How can artificial agents learn to solve wide ranges of tasks in complex visual environments in the absence of external supervision? We decompose this question into two problems, global exploration of the environment and learning to reliably reach situations found during exploration. We introduce the Latent Explorer Achiever (LEXA), a unified solution to these by learning a world model from the high-dimensional image inputs and using it to train an explorer and an achiever policy from imagined trajectories. Unlike prior methods that explore by reaching previously visited states, the explorer plans to discover unseen surprising states through foresight, which are then used as diverse targets for the achiever. After the unsupervised phase, LEXA solves tasks specified as goal images zero-shot without any additional learning. We introduce a challenging benchmark spanning across four standard robotic manipulation and locomotion domains with a total of over 40 test tasks. LEXA substantially outperforms previous approaches to unsupervised goal reaching, achieving goals that require interacting with multiple objects in sequence. Finally, to demonstrate the scalability and generality of LEXA, we train a single general agent across four distinct environments.

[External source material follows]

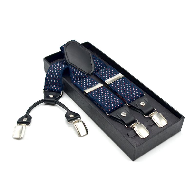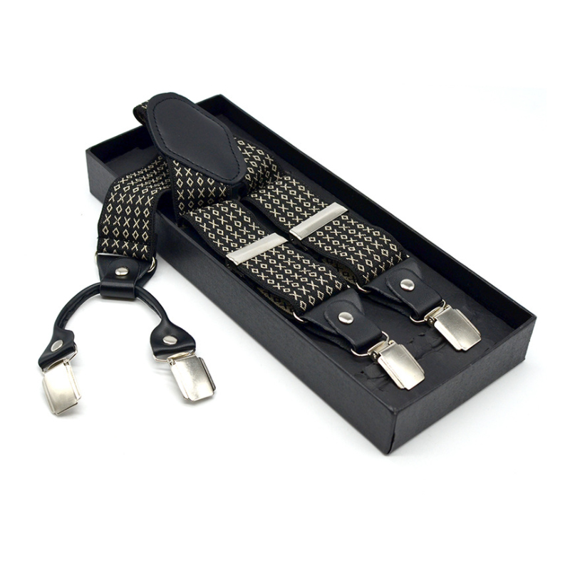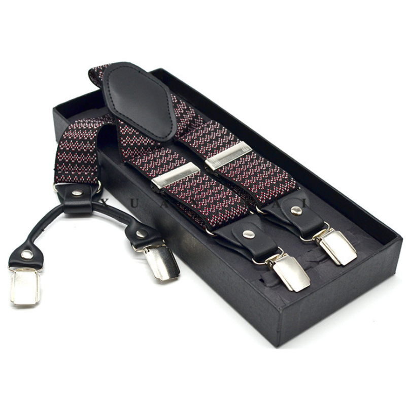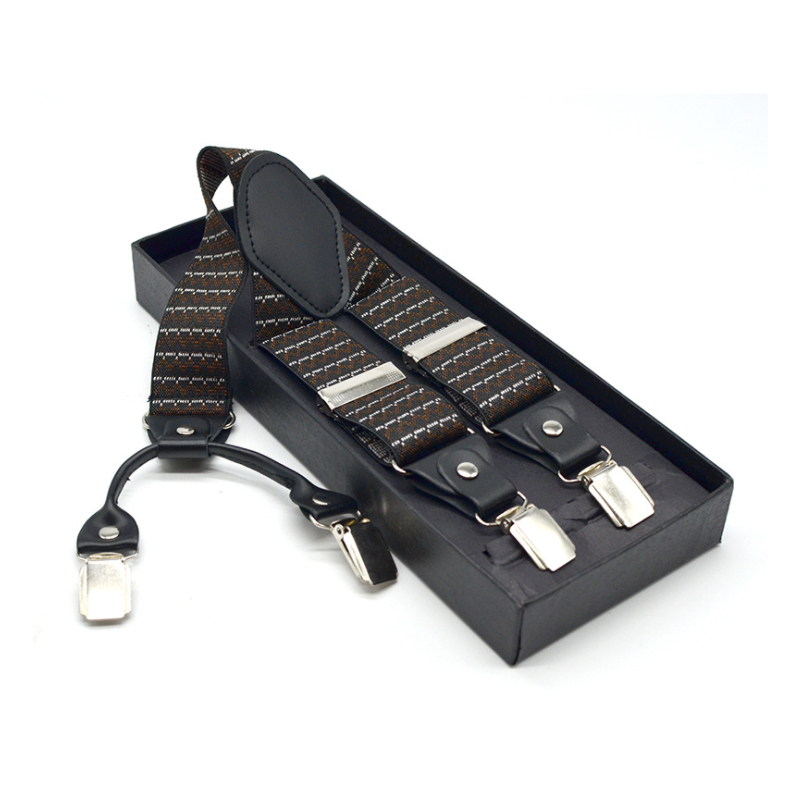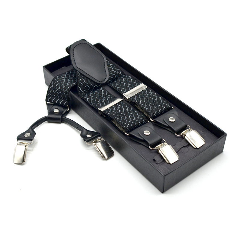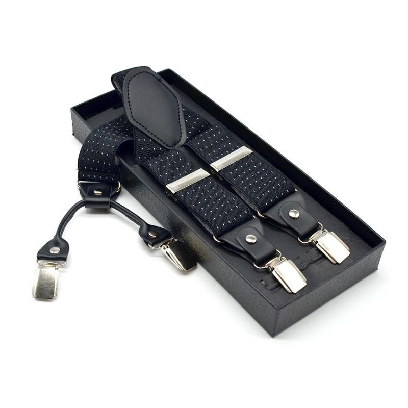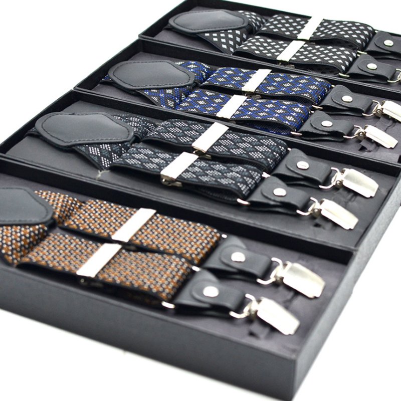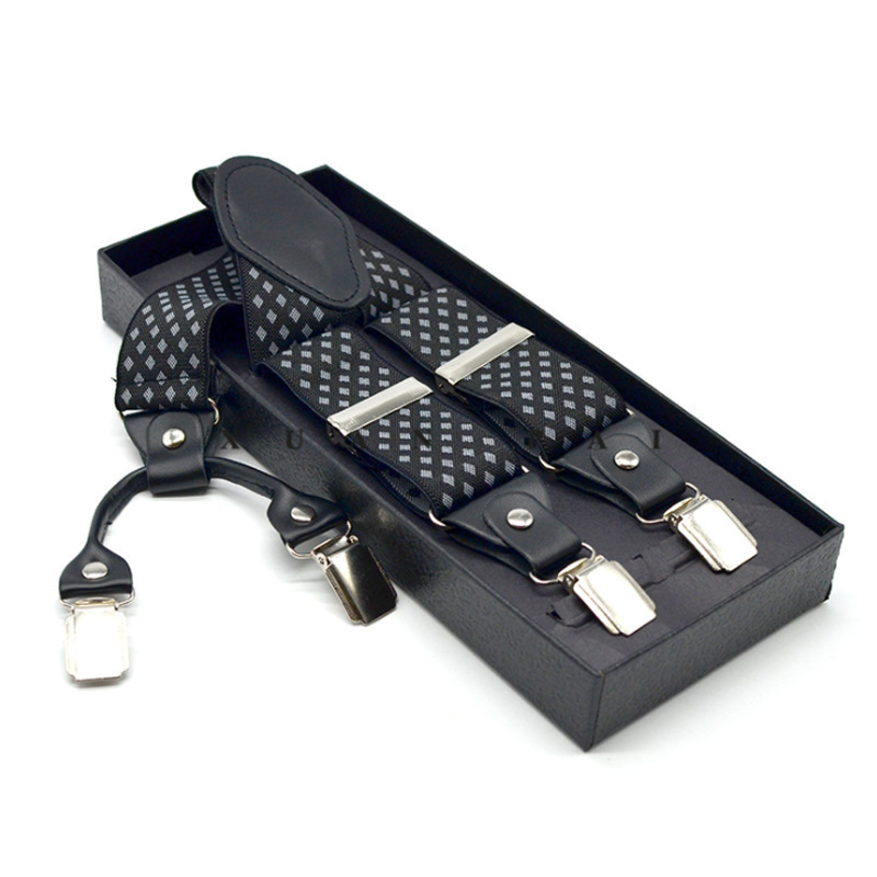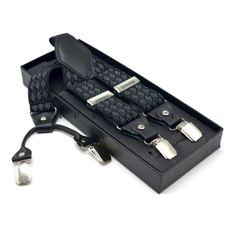 3.5cm Wide Elastic Suspender Men's Suspender Leather Alloy Suspender Men's Casual Suspender Belt Box Christmas Gift
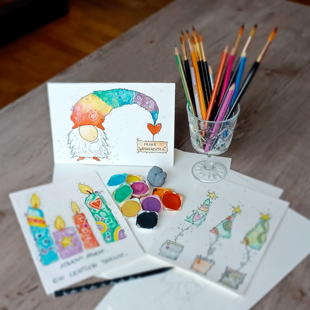 Der Advent steht vor der Tür und wir wollen uns mit Stift und Pinsel daran machen, Weihnachtskarten für unsere Lieben selbst zu gestalten.

Discovering and Achieving Goals
LEXA explores the world and learns to solve arbitrary goal images purely from pixels and without any form of supervision. After the unsupervised interaction phase, LEXA solves complex tasks by reaching user-specified goal images.
Discovering Goals through Foresight
Prior work used retrospective exploration that searches the replay buffer for most interesting states. Instead, we explore with foresight, by querying the model for most novel states. This enables LEXA to explore beyond the frontier and significantly improve exploration performance.